Arthur G. Daniells, became the namesake of Daniells Hall (the former men’s residence at Loma Linda University) and the 52-apartment Daniells Residence Complex on the south side of “the Hill” in Loma Linda. He had been a poor farmer boy with little education, but eventually became President of the General Conference of Seventh-day Adventists (1901 to 1922) and President of the Board of Trustees of the Loma Linda College of Medical Evangelists (1931 to 1935). 

Because of the death of his father when he was only five, A. G. Daniells ascribed the spiritual triumphs that marked his life to his mother’s godly influence. He was baptized at the age of 13, and at 16 entered his first active labor for the Seventh-day Adventist cause by selling Health Almanac, by James White. 

Because of ill health Arthur Daniells could attend Battle Creek College for only one year. Following their marriage in 1876, Arthur and Mary Daniells taught public school for a year. Then Daniells received a call to the ministry. At first he declined, reasoning that he was too timid, too unlearned, and too hesitant. When Mary kept urging him to pray more fervently over the matter, he poured forth his soul to God, surrendered to His will, and began an apprenticeship as a ministerial licentiate in Texas in 1878, under the tutelage of Pastor Robert M. Kilgore.
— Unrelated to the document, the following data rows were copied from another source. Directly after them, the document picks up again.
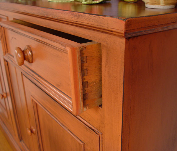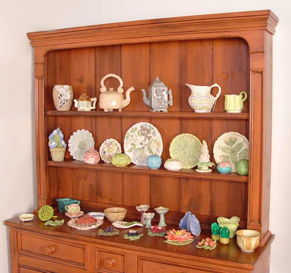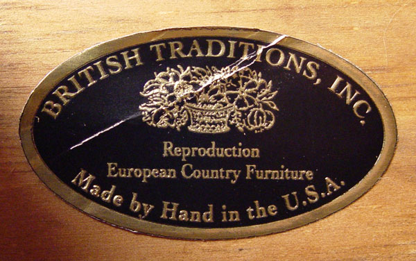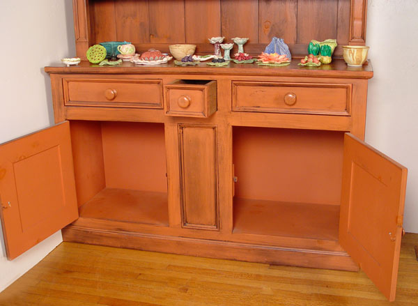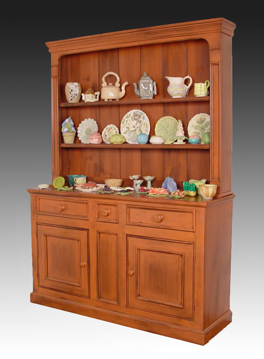 BRITISH TRADITIONS INC. COTSWOLD DRESSER: Made in USA by British Traditions Inc, makers of Reproduction European Country Furniture. Pine with painted finish , upper section open display, lower with two drawers over cupboard doors. Approx. 82''h. x 60'' x 19''.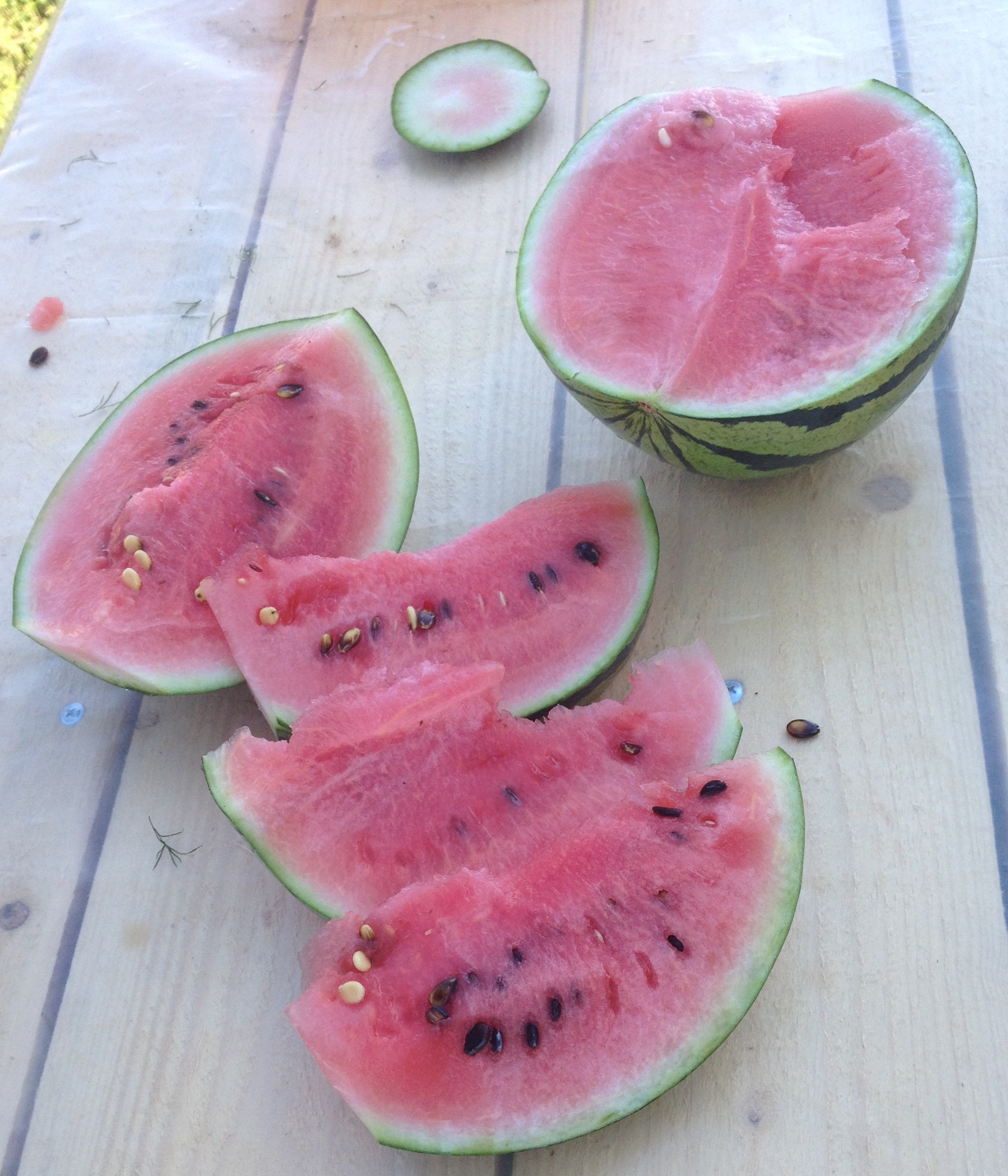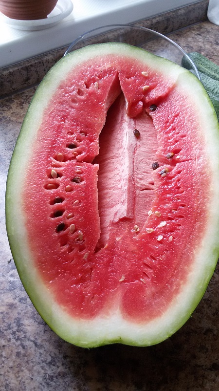 Пусть не очень большой, но нам достаточно. Главное вкус. Он оказался очень вкусным! С момента опыления прошло 2 месяца, а от размера с грецкий орех - не меньше 55 дней.Очень боялась, что перезреет, но нет - сладкий, хрустящий! Усик и хвостик оставались зелеными, определяли по звуку. Мы с мужем очень довольны, надеемся, что и другие арбузы нас тоже порадуют.Есть еще 2 арбуза опыленные тоже 16.06 - Кай и Сибирские огни, но мне кажется, что еще они не совсем созрели - стук глуховатый. Хочу чуть подождать, потом сорвем. Может быть холодная погода не давала им созреть вовремя. А остальные арбузы опылились попозже, но может быть все таки успеют вызреть.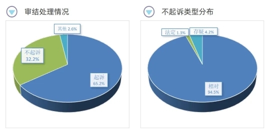 輕罪案件社會危害性較小、罪責輕,犯罪嫌疑人認罪悔過可能性較大。檢察機關在辦理輕罪案件過程中,更加注重貫徹寬嚴相濟刑事政策精神,全面落實認罪認罰從寬制度,輕罪案件處理趨于寬緩。從認罪認罰從寬制度適用情況看,2018年以來,輕罪案件認罪認罰從寬制度的適用率達 97.4%;從輕罪案件的審結處理情況來看,2018年至2023年8月,經審查作出起訴決定的11852人,起訴率為65.2%;作出不起訴決定5848人,不起訴率為32.2%,其中94.5%為相對不起訴。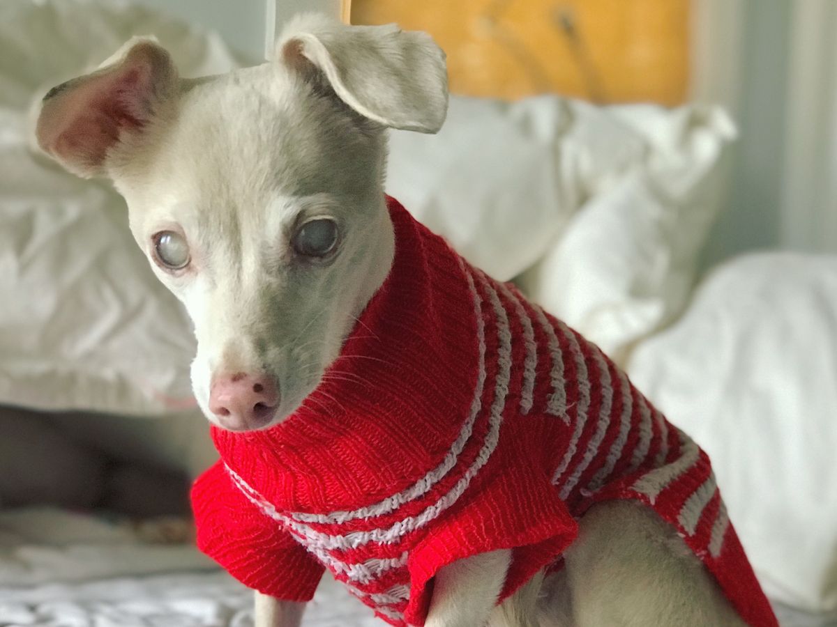 Hi there. This Go Fund me is for Lady, our blind, albino dachshund mix, who we adopted 4 years ago. When we first met her, it was clear that she had a fairly intense life. When she ended up at the shelter, she was pregnant, and when we adopted her, her mouth was riddled with gum disease and dental decay. It took her about a year to start warming up to us, as she was a shy and cautious, little creature. Over the years she has become increasingly more affectionate in her own ways, and has learned to trust and love us. She loves spending her mornings out back barking at people as they walk by, going for walks (despite bumping into everything), and more than anything, she loves getting cozy in one of her many blankets and beds around the house.
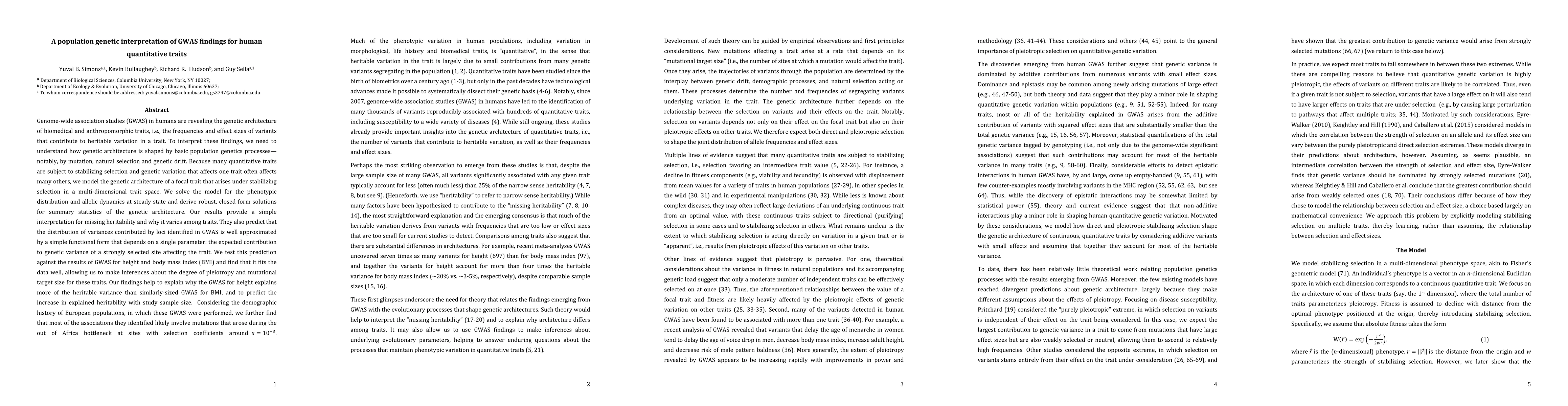 This paper models the genetic architecture of quantitative traits under stabilizing selection to interpret GWAS findings, showing that missing heritability varies by trait and that GWAS results for height and BMI fit a predicted distribution of variances. The study attributes differences in explained heritability to demographic history and selection coefficients.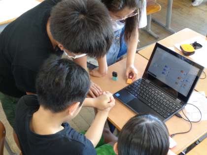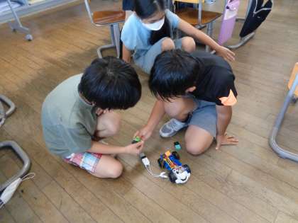 「スイッチをオンにするプログラムができたから車が走り出したけど、オフにするプログラムをつくってないから車が止まらない!」「じゃあボタンを押したら車が止まるようにしよう」というように、失敗をもとに修正する姿も見られました。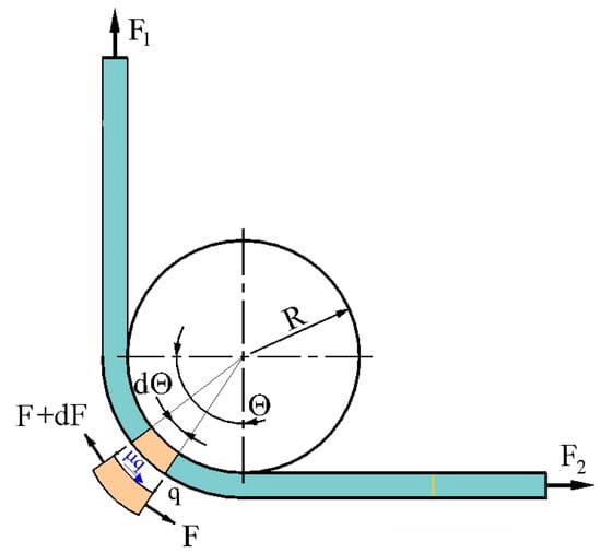 Taking into account an angle of wrap equal to 90°, Equation (3) gives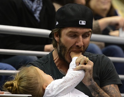 Дейвид Бекъм е луд от любов. По всичко личи, че дъщеричката му Харпър Севън наистина е най-важната жена в сърцето на бившия футболист, защото той не се отделя от нея. Вчера кланът Бекъм се наслади на поредното спортно събитие, като по време на почивката Дейвид и щерка му не пропуснаха да си поиграят. Татко Бекс обаче този път очевидно беше повече от забавен, тъй като беше щракнат буквално да яде наследницата си. Малката Харпър пък намери това за много смешно и не престана да се хили в прегръдките на татко си, който се правеше на лош и уж я изяждаше, докато тримата й братя се смееха отстрани. След като сложи край на футболната си кариера Дейвид Бекъм прекарва цялото си свободно си време със семейството и децата си.

In 1886, the General Conference Committee commissioned Daniells to enter New Zealand as a pioneer missionary. He and Mary spent the next 14 years in New Zealand and Australia, where he became president of the New Zealand Conference, the Australian Conference, and the first president of the Australian Union Conference. Eventually, all of the church organizations in Australia, New Zealand, Fiji, and other South Sea Islands were under his leadership. In addition to his administrative duties he built a food factory, college, and sanitarium.  
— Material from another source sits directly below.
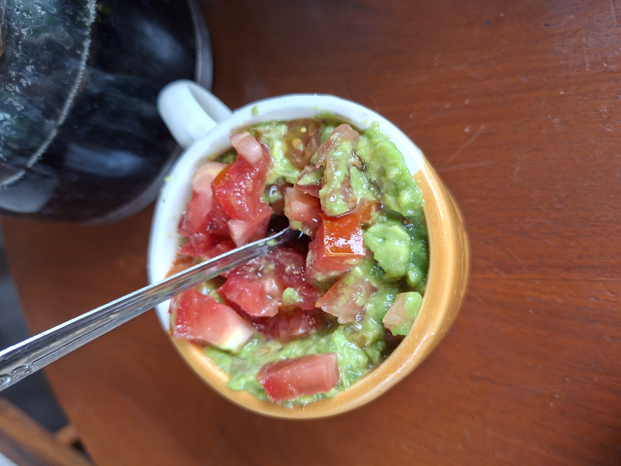 A high-angle, close-up shot shows a cup of guacamole with diced tomatoes on top, with a spoon resting inside, sitting on a wooden table. The cup has a white interior and a tan exterior, and a white handle can be seen on the left. The guacamole is a vibrant green color, and the tomatoes are bright red. The spoon is silver in color, and it is partially submerged in the guacamole and tomatoes. The wooden table has a reddish-brown tone and displays a visible wood grain pattern. In the blurred background to the left, a dark, shiny object is partially visible. The image was taken in the Ubud District, Indonesia.

In 1901, at age 43, Daniells became president of the General Conference, where his missionary expeditions carried him to almost every land and climate on earth. World War I did not halt his gospel campaign to the remote corners of the earth. He started strong missions wherever he traveled. His faith was renewed when thousands of converts in the Old World joined the church in one year. In 1907, Daniells started the Missionary Volunteer Department of the General Conference. During his 21-year tenure as President of the General Conference, 2,294 young people received appointments as missionaries to foreign lands. 

Pastor Daniells became an orator with the dignity and bearing of a general. His administration showed decorum, deep insight, and broad planning. As an executive he was courteous, pleasant, and firm, but genial. Following his General Conference presidency, Daniells started The Ministry magazine and the Ministerial Association.

Percy T. Magan, MD, the namesake of Magan Hall (the administration building at Loma Linda University), described his feelings for Daniells as “an unspeakably deep affection.” 

On his death bed Daniells took Dr. Magan’s hands in his and said, “I want to tell you how deeply I have appreciated working with our dear doctors at the medical college. I love you, Percy, my dear, dear brother, with the love of [the biblical] David for Jonathan. I am happy, Oh so happy. I shall soon be at rest, such sweet rest, and my pain all gone. Farewell, dear brother, farewell.”

Thirty-one hundred people attended his funeral services on Loma Linda’s Los Angeles Campus. Daniells’ body lay in state in David Paulson Hall from 12 midnight until 2 pm, March 27, 1935. More than 1,500 persons had passed by their fallen leader as student physicians formed a Guard of Honor every 15 minutes. Later, the City of Los Angeles provided a police escort from Paulson Hall to Forest Lawn Memorial Park in Glendale.